> _Task description_: Write the entries out exactly. Any images they hold stay out of the copy.

■ ■ ■ ■

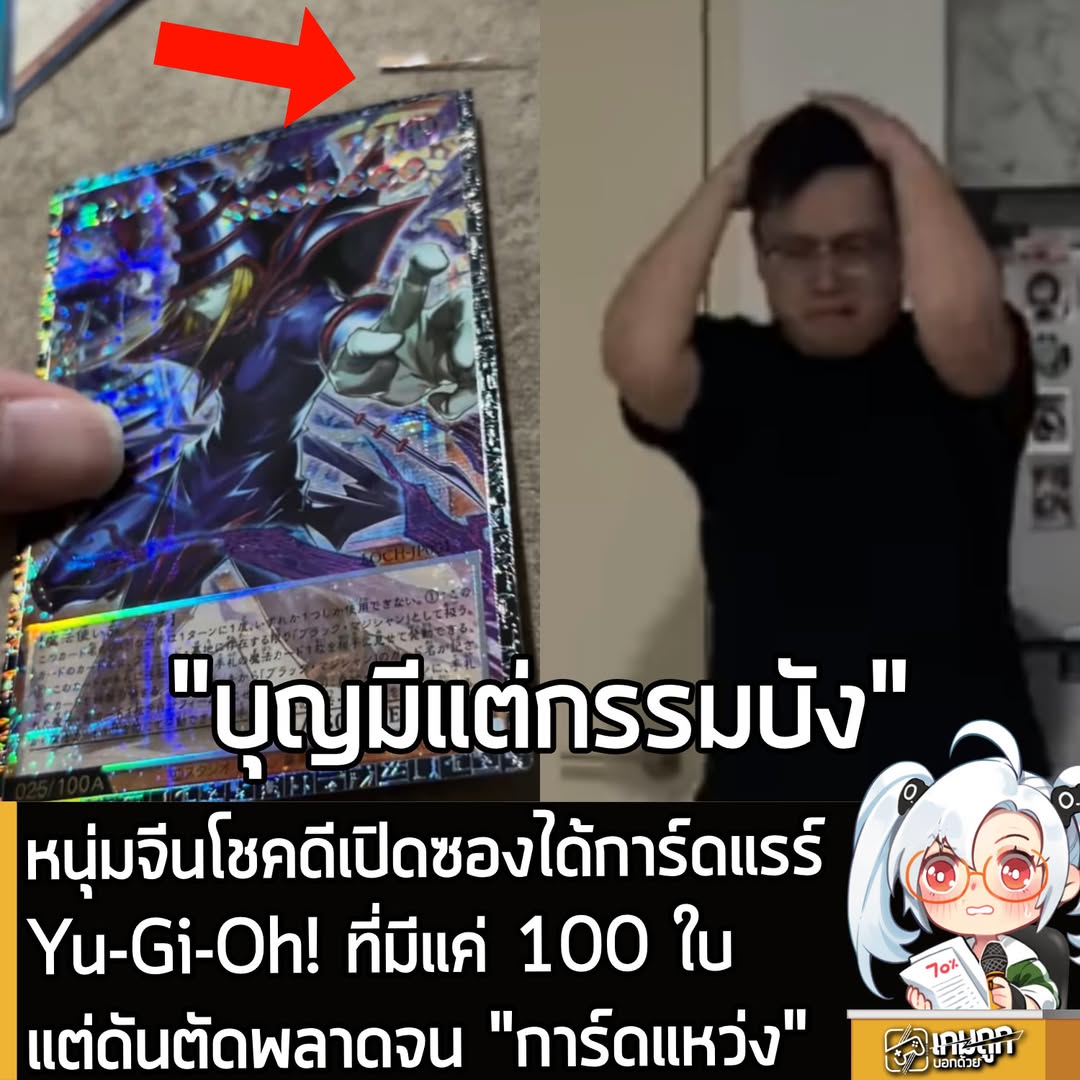 แต่อนิจจา แม้สวรรค์ประทานโชคมาให้ แต่ดันลืมมอบ “สกิลการใช้กรรไกร” ให้พ่อหนุ่มท่านนี้มาด้วย เพราะจากวิดีโอ จะเห็นว่าพ่อหนุ่มท่านนี้กำลังเดินร้องไห้ไปมาด้วยความเสียดาย เพราะแทนที่จะได้ฉลองความรวย ภาพก็ตัดมาที่การ์ด แสดงให้เห็นว่าพี่แกดันใช้กรรไกรพลาดท่าไป ตัดเข้าที่ขอบการ์ดเต็มๆ จนแหว่ง ซึ่งการทำแบบนี้จะกลายเป็นการสร้างตำหนิที่ทำให้มูลค่าการ์ดร่วงกราวรูดได้ทันที
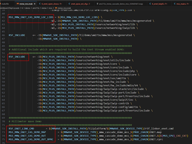 我使用的SDK是mmWave2ChipCascade,主要修改了mmWave2ChipCascade\ti\demo\am273x\mmw\路径下的makefile文件以及.\mms\mmw_mss.mak文件,大致修改如下:
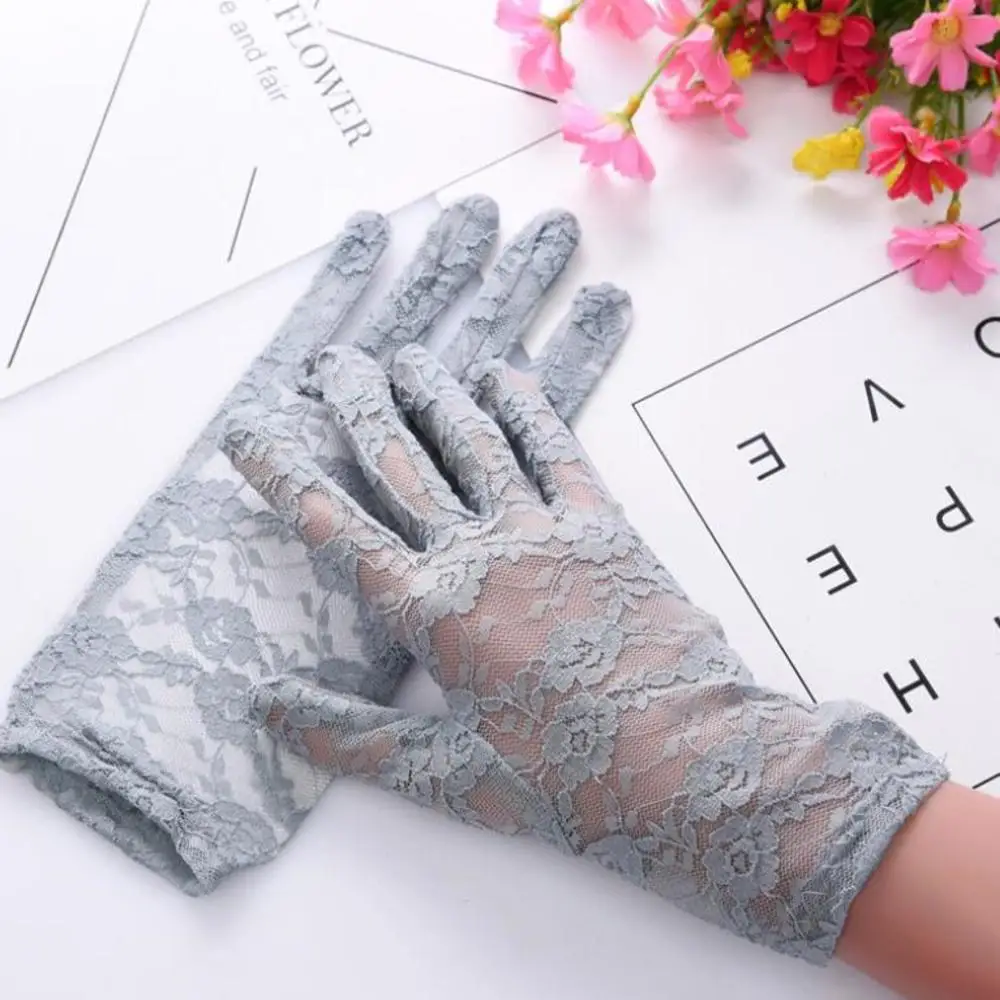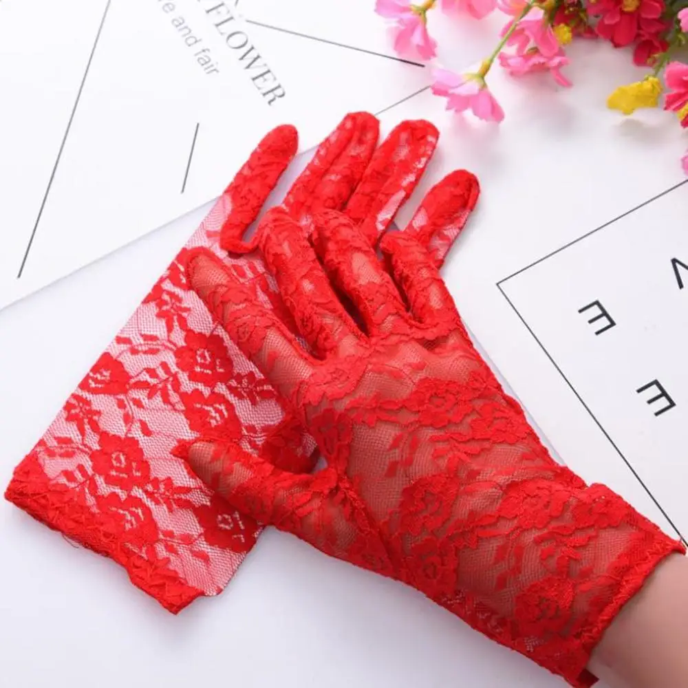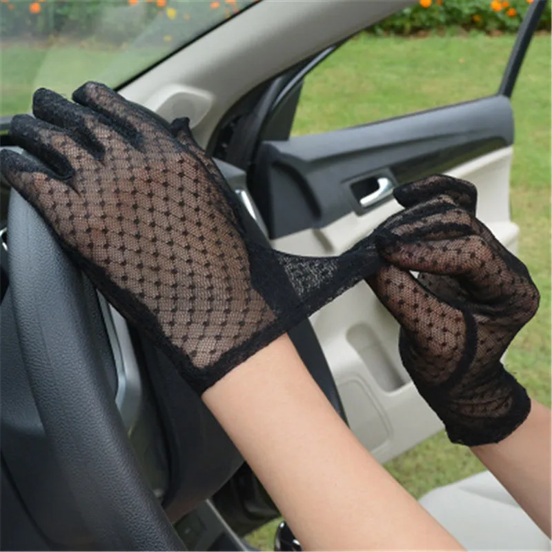 2021 Новые летние перчатки Для женщин с пикантным кружевным плетением черного цвета для вождения перчатки с защитой от УФ Защита от солнечных лучей, для девушек, элегантное, полный палец танцевальные перчатки
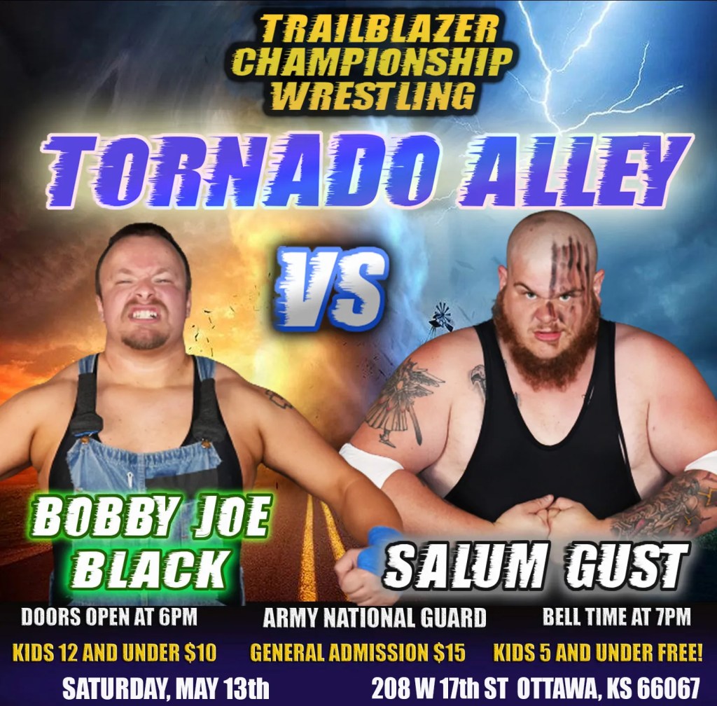 Match highlights of “THE UNATURAL DISASTER” Salum Gust VS Bobby Joe Black (W/Johnnie Jo Black) at our May 13th, 2023 event “TORNADO ALLEY”
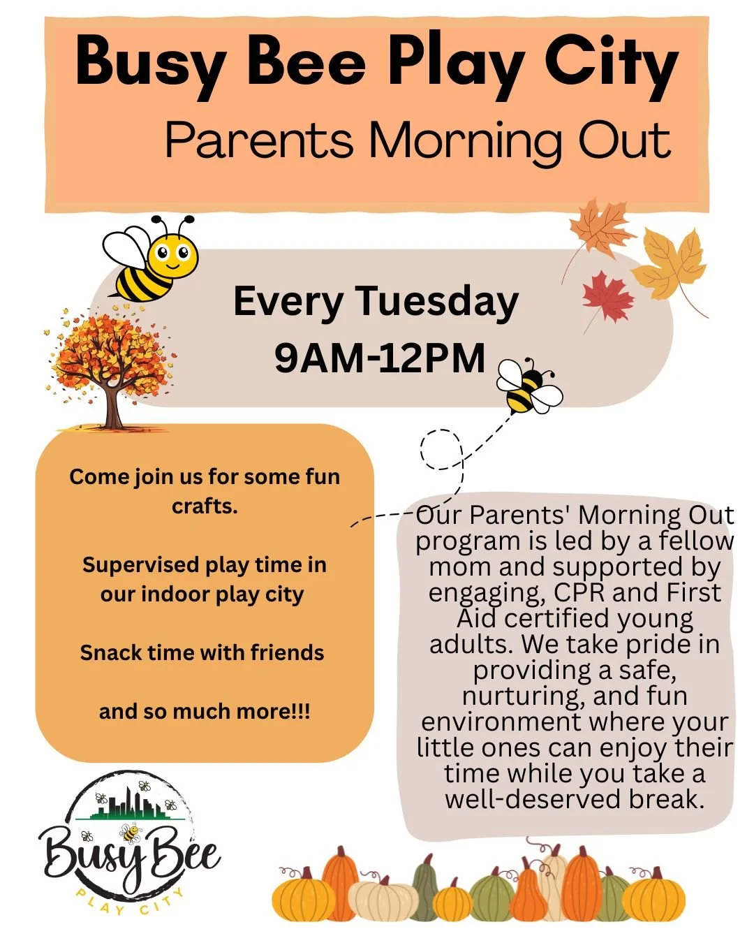 PMO is a three-hour program each week for busy parents. Your child will enjoy playing in our imaginative city with others, fun games and creative art projects. Our staff is CPR and first aid certified. This is a drop off program for 2-5 year olds.
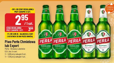 Piwo Perła Chmielowa lub Export Perła Browary Lubelskie 0,5 l, but. b-zwr. 1 l-5,90 przy zakupie 5 szt. 1 l-7,38 przy zakupie 1 szt.
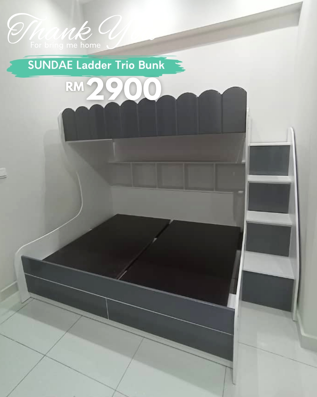 Katil Bertingkat Trio SUNDAE dengan Laci Simpanan direka dengan kombinasi single di atas + queen di bawah, sesuai untuk kegunaan keluarga. Tingkat bawah dilengkapi laci simpanan untuk pakaian, mainan atau barangan harian. Tangga sisi kukuh memastikan akses yang mudah dan selamat. Penyelesaian praktikal untuk bilik kanak-kanak atau bilik berkongsi.
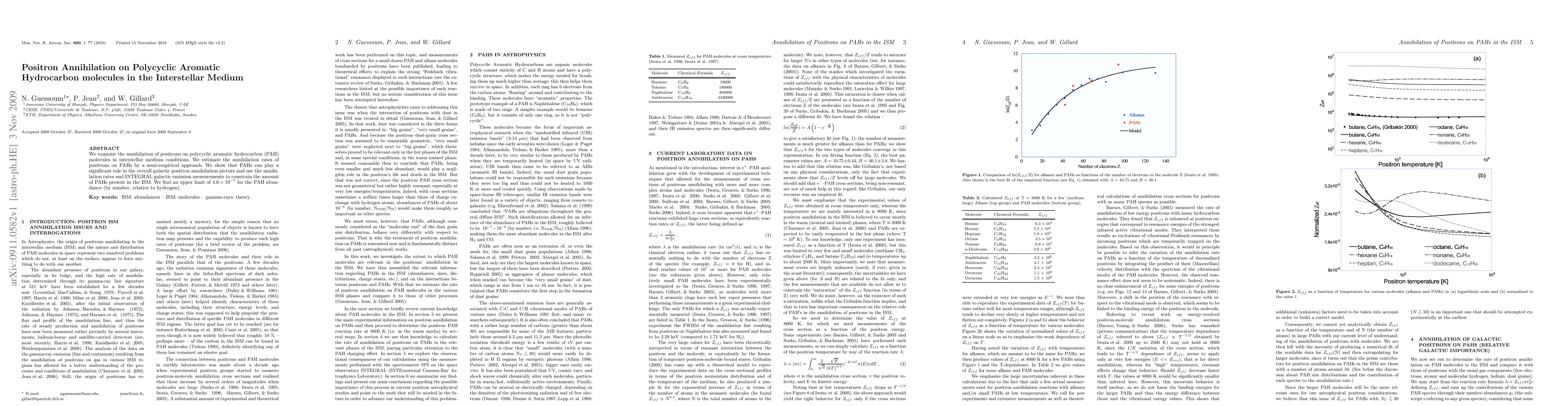 This paper investigates positron annihilation on polycyclic aromatic hydrocarbon (PAH) molecules in the interstellar medium, estimating annihilation rates via a semi-empirical method. The study concludes that PAHs significantly contribute to galactic positron annihilation and determines an upper limit of 4.6 x 10^-7 for PAH abundance in the ISM using INTEGRAL galactic emission data.
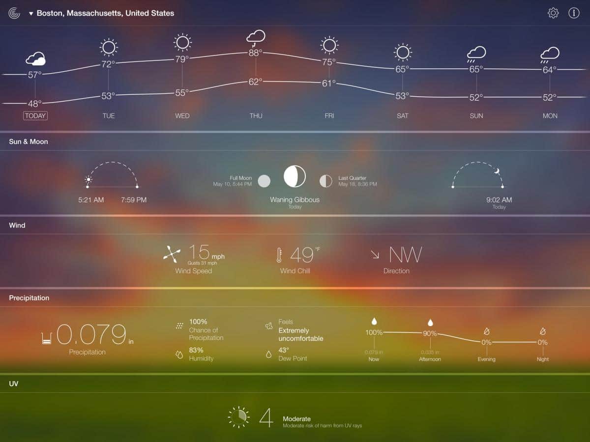Weather live / Погода Live - Это приложение выдаст вам максимально точный прогноз погоды на каждый день на целую неделю вперед. И хотя это довольно простое приложение для показа прогноза погоды, все же сделано оно на высшем уровне, и собирает информацию сразу из нескольких источников.

■ ■ ■ ■

> _Exercise response_:
 แต่อนิจจา แม้สวรรค์ประทานโชคมาให้ แต่ดันลืมมอบ “สกิลการใช้กรรไกร” ให้พ่อหนุ่มท่านนี้มาด้วย เพราะจากวิดีโอ จะเห็นว่าพ่อหนุ่มท่านนี้กำลังเดินร้องไห้ไปมาด้วยความเสียดาย เพราะแทนที่จะได้ฉลองความรวย ภาพก็ตัดมาที่การ์ด แสดงให้เห็นว่าพี่แกดันใช้กรรไกรพลาดท่าไป ตัดเข้าที่ขอบการ์ดเต็มๆ จนแหว่ง ซึ่งการทำแบบนี้จะกลายเป็นการสร้างตำหนิที่ทำให้มูลค่าการ์ดร่วงกราวรูดได้ทันที
 我使用的SDK是mmWave2ChipCascade,主要修改了mmWave2ChipCascade\ti\demo\am273x\mmw\路径下的makefile文件以及.\mms\mmw_mss.mak文件,大致修改如下:
 2021 Новые летние перчатки Для женщин с пикантным кружевным плетением черного цвета для вождения перчатки с защитой от УФ Защита от солнечных лучей, для девушек, элегантное, полный палец танцевальные перчатки
 Match highlights of “THE UNATURAL DISASTER” Salum Gust VS Bobby Joe Black (W/Johnnie Jo Black) at our May 13th, 2023 event “TORNADO ALLEY”
 PMO is a three-hour program each week for busy parents. Your child will enjoy playing in our imaginative city with others, fun games and creative art projects. Our staff is CPR and first aid certified. This is a drop off program for 2-5 year olds.
 Piwo Perła Chmielowa lub Export Perła Browary Lubelskie 0,5 l, but. b-zwr. 1 l-5,90 przy zakupie 5 szt. 1 l-7,38 przy zakupie 1 szt.
 Katil Bertingkat Trio SUNDAE dengan Laci Simpanan direka dengan kombinasi single di atas + queen di bawah, sesuai untuk kegunaan keluarga. Tingkat bawah dilengkapi laci simpanan untuk pakaian, mainan atau barangan harian. Tangga sisi kukuh memastikan akses yang mudah dan selamat. Penyelesaian praktikal untuk bilik kanak-kanak atau bilik berkongsi.
 This paper investigates positron annihilation on polycyclic aromatic hydrocarbon (PAH) molecules in the interstellar medium, estimating annihilation rates via a semi-empirical method. The study concludes that PAHs significantly contribute to galactic positron annihilation and determines an upper limit of 4.6 x 10^-7 for PAH abundance in the ISM using INTEGRAL galactic emission data.
Weather live / Погода Live - Это приложение выдаст вам максимально точный прогноз погоды на каждый день на целую неделю вперед. И хотя это довольно простое приложение для показа прогноза погоды, все же сделано оно на высшем уровне, и собирает информацию сразу из нескольких источников.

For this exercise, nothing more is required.